Быстрым, уверенным шагом Рейзеле направилась в глубь двора, прижимая к животу необъятный ридикюль и все свои свертки, которые каким-то чудом от папы перешли к ней. Я оглянулась на папу. С пристыженным лицом, не смея поднять глаз на извозчика, он что-то искал в своем потертом кожаном кошельке.
Охая и кряхтя, Рейзеле протиснулась в дверь.
Съев приготовленный мамой обед, она решительно заявила: «Хочу вздремнуть!» — и, будто она здесь была хозяйкой, выгнала детей во двор.
Вздремнуть ей, однако, не удалось. Не прошло и четверти часа, как мама, толкнув раму, распахнула окно и крикнула:
— Дети, заходите в дом!
Рейзеле стояла посредине комнаты, зажав в руках ридикюль, высокая и широкая, как башня. Башню венчала маленькая головка с туго скрученным на самой макушке серым ватным узлом. Где-то там, наверху, было и лицо — безглазый, безносый красный шар. Отец тоже стоял, щуплый, невысокого роста, очень красивый.
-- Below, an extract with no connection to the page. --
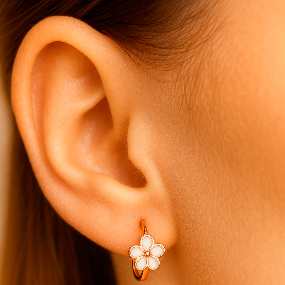 Ohrringe aus 925er Sterling-Silber, weißes Blümchen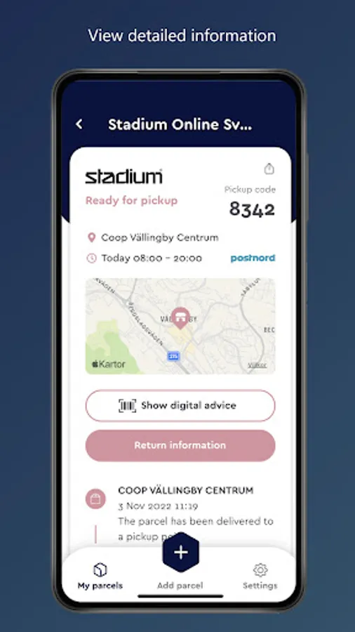 Support for many delivery services on the market: PostNord, DHL, DB Schenker, Bring, Posti, DSV, Early Bird, Premo, pinDeliver, Airmee, Budbee, Instabox, Citymail, Best, Bussgods, Matkahuolto, Kaukokiito, GLS, DPD, Dao, Helthjem, Bft, Rtc, Burd.

Потому, наверно, мне так запала в память эта сцена, что первый раз в жизни я открыла для себя красоту человеческого лица. По-новому я увидела знакомый мне с рожденья высокий лоб, за которым всегда готова была зародиться мысль, живые глаза, и умную бородку, подстриженную, как у Менделе Мойхер-Сфорима, любимца папы. «Шолом-Алейхем[2], — говорил он, — тоже смотрит в корень, но Менделе копает глубже». Отец стоял перед «Рейзеле-вруньей» со сконфуженным лицом, как всегда, когда жизнь сталкивала его с чьим-то неблаговидным поступком. Захлестнувшее меня горячее чувство любви глубоко отличалось от прежней детской привязанности к отцу. Было понимание, сочувствие, была любовь единомышленника.
От окна, возле которого осталась стоять мама, полетел кусок матовой черной кожи, который шлепнулся прямо в грудь Рейзеле и тут же исчез в ее как по волшебству разинувшем рот ридикюле. Вскоре я узнала, почему мама с таким бешенством запустила в Рейзеле этим невинным куском кожи. Тогда же я ничего не поняла. Дверь распахнулась с треском, с таким же треском захлопнулась, и… с Рейзеле было покончено, казалось, навсегда.
И вот эта же самая Рейзеле прислала нам приглашение на свадьбу своей дочери, и, что всего удивительнее, отец согласился поехать.
— Из-за Рейзеле я не буду на свадьбе Рише-Баше? — раздумчиво говорил отец. — Кто еще так достоин счастья, как она? Кроткая голубка. Светлой минуты в своей жизни не видела. Промыкалась все молодые годы в прислугах у собственной матери.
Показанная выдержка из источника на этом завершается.